There was a brand at home depot that just seemed to give mostly of the red spectrum, the tube glowed red. Sylvania glowed violet so it gave both blue and red, and less of what was inbetween. I'd say that blue light is more important for plant growth. Since orchids grow in shaded areas generally, blue would be more important for them because this colour is what would penetrate the forest mostly. I had fixtures with one cool white and one sylvania tube in the past.

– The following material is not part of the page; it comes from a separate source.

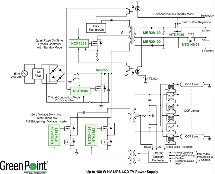 例如,目前市場(chǎng)上銷(xiāo)量最大的是32英寸液晶電視。在這類(lèi)液晶電視中,采用標(biāo)準(zhǔn)24 V逆變器電源的方案在市場(chǎng)上仍占據(jù)多數(shù),但新興的高壓液晶電視集成電源(HV-LIPS)的應(yīng)用也在不斷增多,總體上呈現(xiàn)出并存的態(tài)勢(shì)。采用標(biāo)準(zhǔn)24 V逆變器的傳統(tǒng)液晶電視在接受110/220 Vac市電輸入后,經(jīng)過(guò)整流、PFC及濾波,轉(zhuǎn)換為200/400 Vdc的直流高壓。由于傳統(tǒng)高壓逆變器的輸入電壓要求是24 Vdc,故PFC的輸出電壓200/400 Vdc會(huì)經(jīng)過(guò)降壓轉(zhuǎn)換,產(chǎn)生多路輸出電壓,其中一路24 Vdc電壓提供給高壓逆變器,再經(jīng)過(guò)DC-AC轉(zhuǎn)換為超過(guò)1,000 V甚至達(dá)2,000 V的交流高壓,去驅(qū)動(dòng)液晶面板的CCFL陣列。安森美半導(dǎo)體為這類(lèi)傳統(tǒng)液晶電視推出了220 W液晶電視電源GreenPoint參考設(shè)計(jì),其中采用的關(guān)鍵元器件包括NCP1606 CrM PFC控制器、NCP1396諧振半橋控制器及NCP1027待機(jī)控制器等。

Also the middle of the plant tubes will emitt more light. So I suggest that you place your cattleya in the middle of the tubes, while you place the phals near the ends of the tube. Also do that for your high light and low light slippers.


----------



## Jimsox (Apr 6, 2009)

Really? that simple just cool white lights? I have them in there now. Will they produce blooms just under these lights? That would help solve my situation. I am not really worried about the cost of the bulbs, I am just looking for the right combination to get growth and blooms. I have heard of alternating lights as well? How would I do this?


----------



## Eric Muehlbauer (Apr 6, 2009)

I use 3 cool whites and 1 warm white in each fixture....leave them on 16 hours/day. Cool whites are fine as long as you have a warm to balance the spectrum...don't waste your money on "grow" lights....they have fewer lumens and cost way more bucks...Take care, Eric


----------



## Ernie (Apr 6, 2009)

Yeah, Eric M is right. You don't need to super special bulbs. My rule of thumb: 4 tubes, 4' each, 32 (T8)/40 (T12) watts each is the bare minimum for a decent light shelf. Important thing is to change the tubes out about once a year even if they still fire (we rotate vs all at once)- they lose intensity pretty quick running 16 h/day. Hausermann's has 4'X2' trays for like $80 each, BUT Farm N Fleet has 2'X2' bunny cage litter trays for $12 each. Lots of info on under lights culture on our web site culture pages. See the PVC shelf plans and pix of our multi-level shelving units. SwampRad has a similar setup (where's he been???). Maybe take a peak at the Growing Areas Megathread here too. 

-Ernie


----------



## Orchidzrule (Apr 6, 2009)

Eric Muehlbauer said:


> Cool whites are fine as long as you have a warm to balance the spectrum...don't waste your money on "grow" lights....they have fewer lumens and cost way more bucks...Take care, Eric



Interesting! We had a guy give a presentation to our OS a few years back. He was a physics instructor, and used a lot of charts & graphs to demonstrate the only real difference between cool & warm whites was in the amount of blue light emitted--less from the warm than the cool. There was no real difference in the amount of red and he felt to get any extra amount of red light, you needed to have either a plant/aquarium (i.e. "grow" light) type tube or a full spectrum tube. His conclusion was warm whites were a waste of money--the diametric opposite of yours. I had been using a mix of warm & cool whites prior to that. Now what am I to believe? And why is my head starting to spin? LOL


----------



## Jimsox (Apr 6, 2009)

yeah, I'm right there with ya'.


----------



## cnycharles (Apr 6, 2009)

smartie2000 said:


> I'd say that blue light is more important for plant growth. Since orchids grow in shaded areas generally, blue would be more important for them because this colour is what would penetrate the forest mostly. I had fixtures with one cool white and one sylvania tube in the past.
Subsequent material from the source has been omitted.